Myopia is the most common ocular disease affecting public health worldwide. It is predicted that by 2050, half of the world’s population will be nearsighted, and nearly 10% of people will have high myopia [1]. It has been found that the ratio of students with myopia ranges from 80% to 90% in East Asia, where myopia is particularly prevalent [2]. Myopia, especially high myopia, leads to various blinding eye disease such as macular degeneration, glaucoma, retinal detachment, and is one of the most important ringleaders of blindness [3]. Therefore, the serious social burden caused by myopia has attracted widespread attention [1].

It is widely known, behaviors such as near work and indoor activities are closely correlated with myopia [4]. Since 2019, COVID-19 began to wreak havoc globally. During this period, a degree of home restriction and online teaching were implemented nationwide, which resulted in reduced outdoor activities, increased near work and more usage of electronic devices in children and adolescents [5], and thus brought more progression of myopia and greater increments of AL, unsurprisingly [6,7,8,9,10]. However, the extent of these affected patterns was unstable due to the non-mandatory nature of the restrictions and policy instability. As a result, the degree of these affected habits was unstable during most of this period, introducing potential confounding variables into the related research. Shanghai continued in dynamic zero-COVID policy until 2022. Due to the epidemic outbreak in February 2022, Shanghai had to switch the policy to static lockdown citywide until lift of the lockdown in June 2022 [11]. Certainly, this tactic had a certain effect on the spread of COVID-19, as all residents of shanghai, including school-age children, had to be blocked at home, and all students had to receive thoroughly online learning. Throughout this entire period, every school-age child had nearly identical habit and eye usage habits and duration, without any outdoor activities. This strict strategy, which involved such a wide range of population across the whole city and lasted for such a long time, only occurred during the static lockdown phase in Shanghai from February to June 2022 [12]. This phase did not occur in other cities or periods, providing an excellent precondition for controlling variables in the research of myopia.
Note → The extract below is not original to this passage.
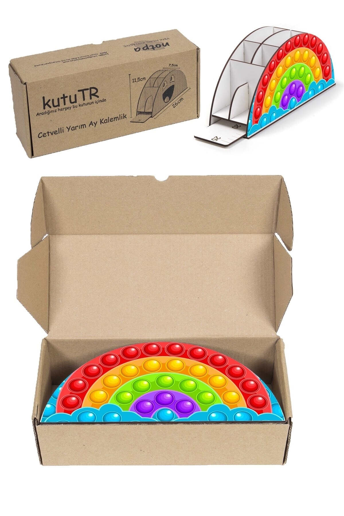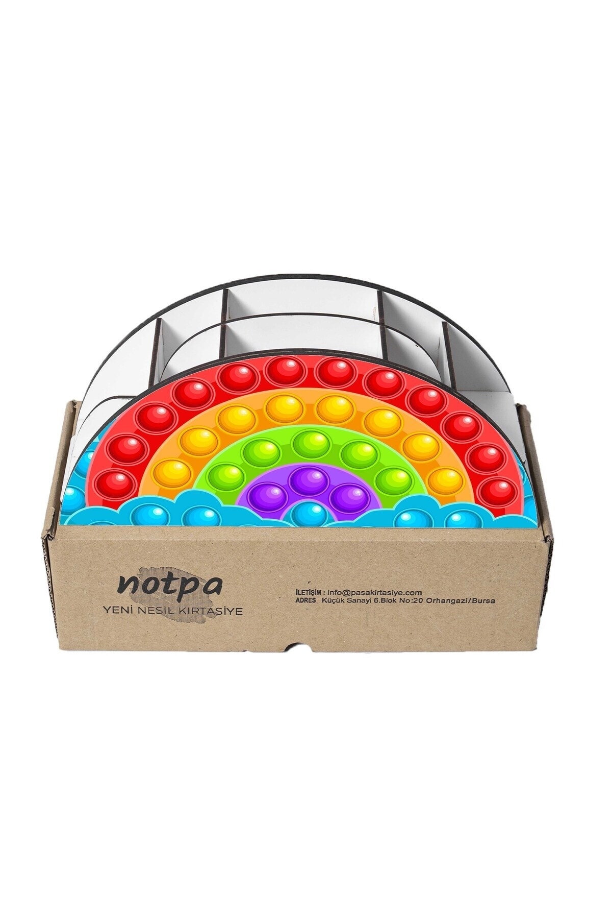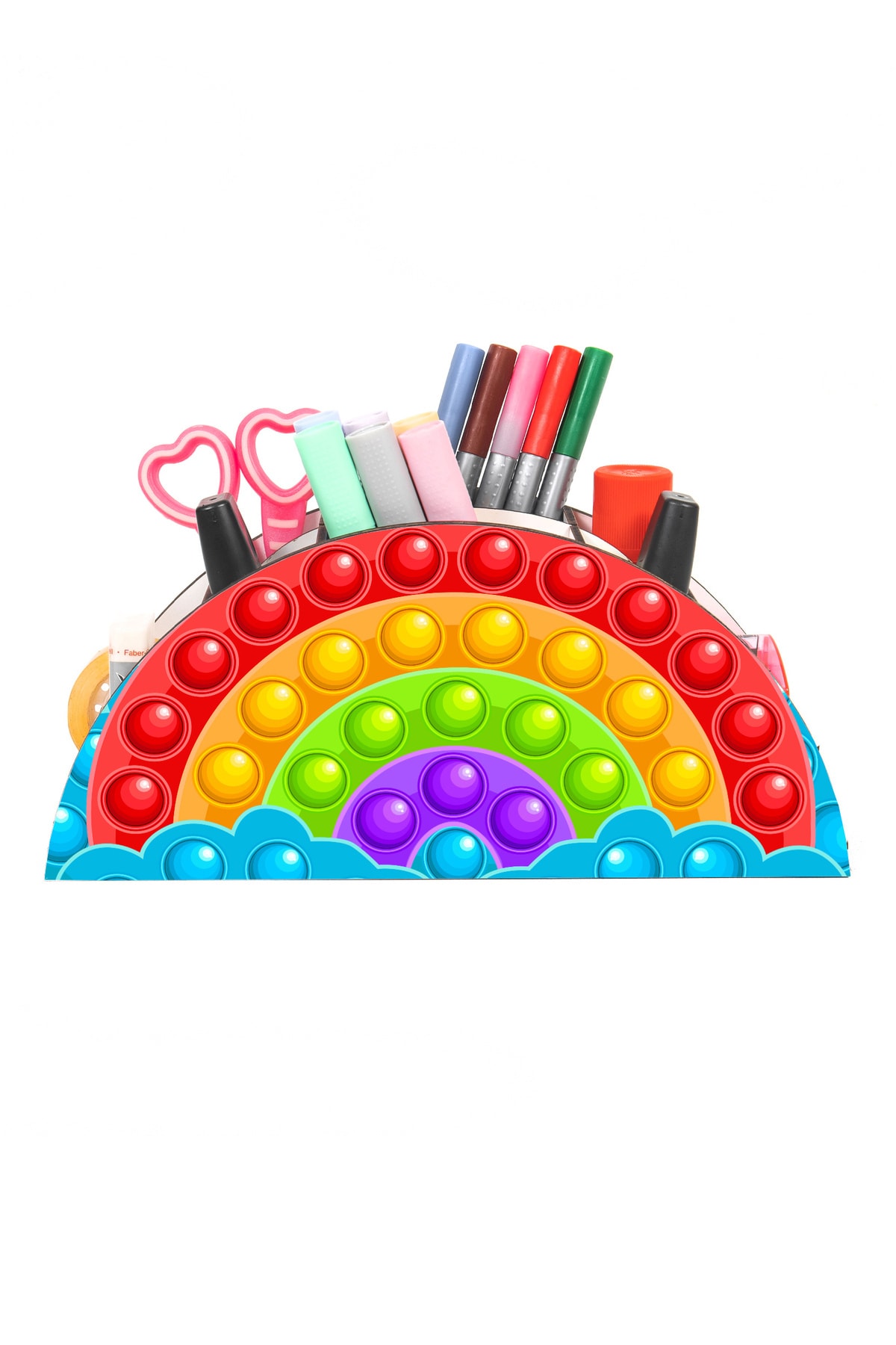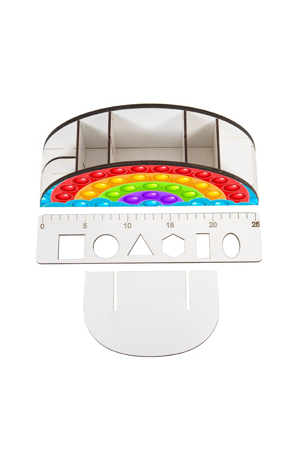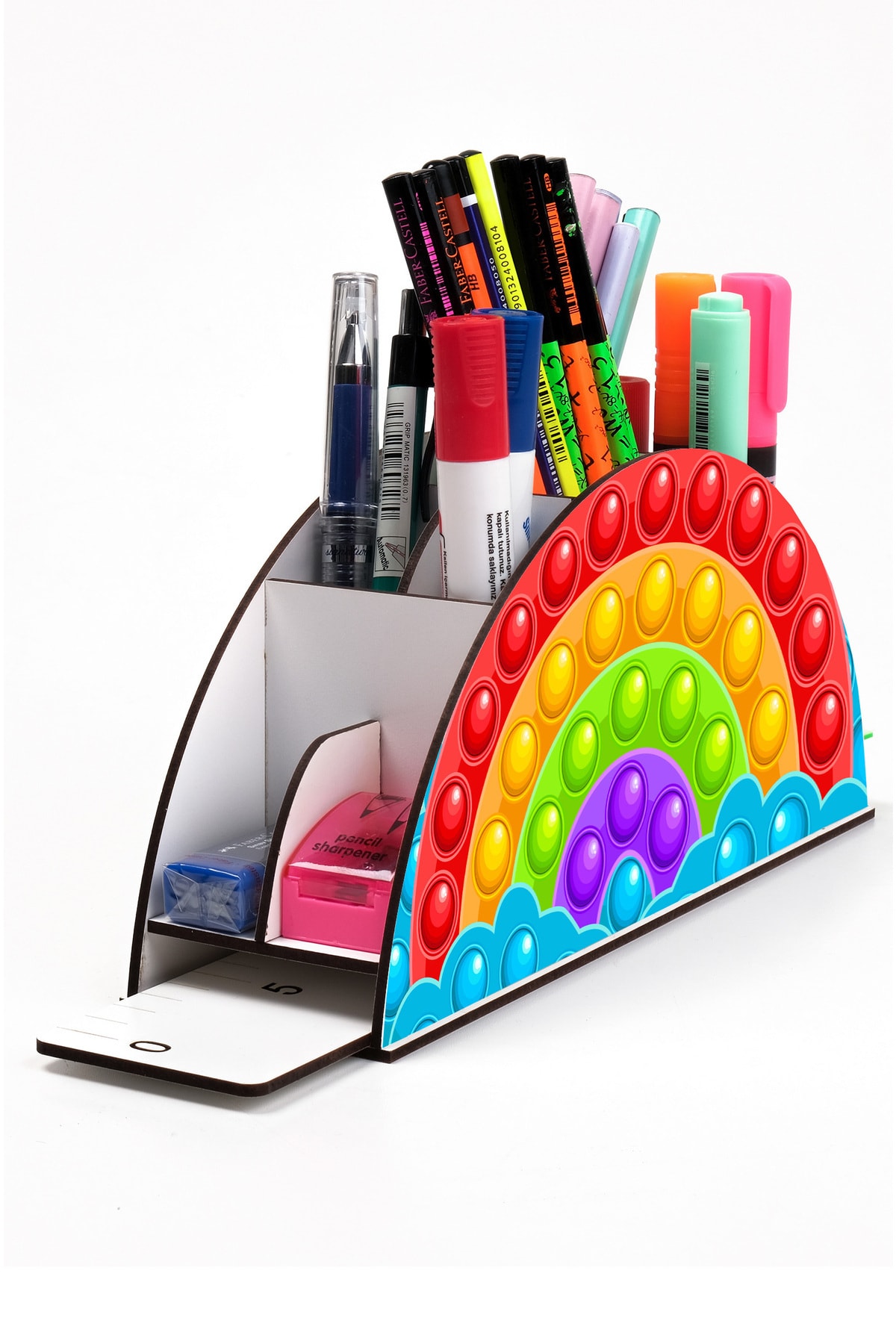 Ahşap Baloncuklu Popit Gökkuşağı Cetvelli Masaüstü Kalemlik Kutu Çocuklar Için Organizer Gk106
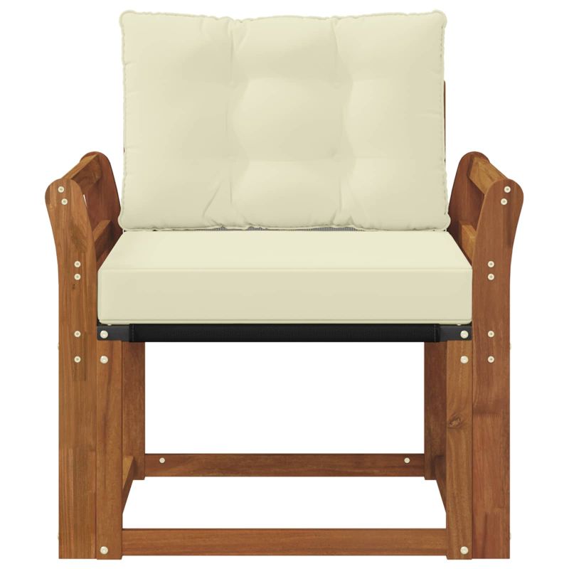 Този комплект мебели за външно ползване съчетава стил и удобство, придавайки елегантен вид на градината или терасата. Със своя модерен дизайн и минималистичен стил, той е идеален за отпочиване на открито и социални събирания. Направен е от масивна акациева дървесина, осигуряваща дълготрайност и приятно излъчване. Издръжлива масивна акациева дървесина: Този комплект е здрав и устойчив на външни условия, като предлага стабилна основа и добавя визуален чар на градината или терасата. Устойчиво на атмосферни условия проектиране: Лаковото покритие осигурява защита срещу слънце и малко дъжд, като помага за запазване на външния вид и функционалността. Компоненти и дизайн: Всеки детайл е проектиран както за стил, така и за комфорт. Съгласуваният дизайн изглежда визуално приятно на всяко открито събитие. Комфорт и универсалност: Модулната структура позволява различни конфигурации, удобни за всякакви поводи — от релаксиране до социални събирания. Лесна поддръжка: Просто почиствайте с влажна кърпа и избягвайте агресивни почистващи препарати, за да запазите мебелите в добро състояние.

Methods such as atropine, defocus spectacle lens and orthokeratology have become commonly-used strategies [13, 14]. Previous studies indicated that low-concentration atropine can reduce the myopia development, which was accelerated by home confinement and increased near work during the pandemic [15]. As another method, orthokeratology was proven to not only control the progression of myopia more effectively [16, 17], but also lead children to better psychological and behavioral performance, compared to wearing common framed eyewear [18, 19].

However, until now, it is still underexplored whether orthokeratology can achieve the same control effect of myopia under adverse conditions, such as excessive near work and lack of outdoor activities. Therefore, in our study, we longitudinally compared the differences in increments of AL between children who use orthokeratology before, during and after the lockdown period, and conducted a horizontally comparison between children with and without orthokeratology. The purpose of this study is to investigate the effect of orthokeratology in a high-risk environment during the period of home confinement in COVID-19, Shanghai.

Participants and study design

In this retrospective study, all cases were collected from the outpatient of Shanghai Eye Disease Prevention and Treatment Center & Shanghai Eye Hospital. The experimental group (patients with orthokeratology) was from June 2021 to October 2021 and the control group (patients without orthokeratology) was in February 2022.

Experimental group inclusion criteria: (1) Ages 7–18 years old; (2) Diagnosed as monocular or binocular myopia after cycloplegic optometry objectively, with best corrected visual acuity ≤ 0.00 log of minimum angle of resolution (log MAR) units (Snellen equivalent, 20/20); (3) Met the eligibility criteria for orthokeratology as determined by ophthalmologist (myopia of -0.75 to -7.00D and astigmatism of 0 to 1.5D); (4) Had been wearing lenses for at least 1 year before February 2022(last follow-up before the lockdown) and continued wearing at least 6 months later after the lockdown was lifted; (5) Wore lenses for more than 95% of the duration within each phase; (6) AL Measuring with IOLMaster without missing any follow-up.

Exclusion criteria (1) Cessation of orthokeratology for any reason; (2)History of ocular surgery during any phase; (3) Any ocular disease likely to affect orthokeratology or the accuracy of AL measurement; (4) No use of other myopia control methods in combination, such as atropine.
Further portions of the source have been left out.